Please use the provided source code to build the store.dll
. It should then be placed inside the winext
directory of you Windbg package.
Then from Windbg, you'll be able to type:
************* Symbol Path validation summary **************
Response Time (ms) Location
Deferred srv*c:\symbols*http://msdl.microsoft.com/download/symbols
Symbol search path is: srv*c:\symbols*http://msdl.microsoft.com/download/symbols
Executable search path is:
Windows 8.1 Kernel Version 9600 MP (1 procs) Free x64
Built by: 9600.17936.amd64fre.winblue_ltsb.150715-0840
Machine Name:
Kernel base = 0xfffff800`ce871000 PsLoadedModuleList = 0xfffff800`ceb467b0
System Uptime: 0 days 0:00:00.964
nt!DbgBreakPointWithStatus:
fffff800`ce9c7590 cc int 3
0: kd> .load store
[store] DebugExtensionInitialize, ExtensionApis loaded
0: kd> !store_dump
[store] CI!g_pStore pointer address 0xfffff8018c158058
[store] CI!g_pStore 0xffffc00102c09640
[store] local Store 0x00007ff981115660
[store] DisplayStore :
> 00007ff981115660 - 0xf70853f7 0x97bbb404 0xd184fa8d 0xabf7dc7b
> 00007ff981115670 - 0x2fd8b115 0xb76d6193 0x97a903ee 0xa6f229c0
> 00007ff981115680 - 0xb95087b5 0xa50f6868 0xe4d47778 0xfbb05b87
[store] DecryptStore
[store] DisplayStore :
> 00007ff981115660 - 0x000003aa 0x00000000 0x00000001 0x00000000
> 00007ff981115670 - 0x000003a9 0x00000000 0x00000003 0x00000000
> 00007ff981115680 - 0x0000005b 0x00000000 0x00000000 0x00000000
Now let's say we want to modify some of the values stored in the store:
0: kd> !store_setdw
[store] !store_setdw <Index> <Value>
0: kd> !store_setdw 1 8
[store] CI!g_pStore pointer address 0xfffff8018c158058
[store] CI!g_pStore 0xffffc00102c09640
[store] local Store 0x00007ff981115660
[store] DecryptStore
[store] current store:
[store] DisplayStore :
> 00007ff981115660 - 0x000003aa 0x00000000 0x00000001 0x00000000
> 00007ff981115670 - 0x000003a9 0x00000000 0x00000003 0x00000000
> 00007ff981115680 - 0x0000005b 0x00000000 0x00000000 0x00000000
[store] new store:
[store] DisplayStore :
> 00007ff981115660 - 0x000003aa 0x00000008 0x00000001 0x00000000
> 00007ff981115670 - 0x000003a9 0x00000000 0x00000003 0x00000000
> 00007ff981115680 - 0x0000005b 0x00000000 0x00000000 0x00000000
[store] EncryptStrore
[store] CI!g_pStore pointer address 0xfffff8018c158058
[store] CI!g_pStore 0xffffc00102c09640
[store] local Store 0x00007ff981115660
The tool-set proposed here is provided "as is", to possibly serve as a background for future researches.
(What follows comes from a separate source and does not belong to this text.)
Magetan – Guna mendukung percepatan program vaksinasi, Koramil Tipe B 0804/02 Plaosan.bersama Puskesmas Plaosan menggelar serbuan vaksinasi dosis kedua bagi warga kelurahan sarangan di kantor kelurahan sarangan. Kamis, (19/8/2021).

The Warbird virtual machine analysis script was developed a long time ago; it could be really interesting to see how more recent frameworks like Miasm6 or Triton7 could help, especially as they have both implemented a Dynamic Symbolic Execution (DSE) engine.
Few years ago, the simple idea of having an obfuscated, virtual machine based, white-box AES
in the Windows kernel was somehow unexpected to me. Analyzing this beautifully crafted piece of software engineering has been deeply inspiring. Besides it is just the tip of the iceberg; for example, more could be said about its links with protected processes.
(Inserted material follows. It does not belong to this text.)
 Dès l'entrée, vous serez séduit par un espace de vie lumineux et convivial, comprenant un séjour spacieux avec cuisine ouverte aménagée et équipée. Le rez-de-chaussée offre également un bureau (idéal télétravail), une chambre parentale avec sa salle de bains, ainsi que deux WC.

Since then, Alex Ionescu has demonstrated that Microsoft engineers have pushed the Warbird framework to a totally new level in the most recent version of Windows; broader in terms of scope, features and more complex than ever. Kudos to them for that; for the rest of us it means that new challenges arise.
To conclude, thank you Alex & Eugene for the time we shared, we're looking forward to the final edition!
A big thank you to the Airbus Digital Security team for their insightful reviews and comments.
The msvm
tool and Store
Windbg plugin are released under the [GPLv2].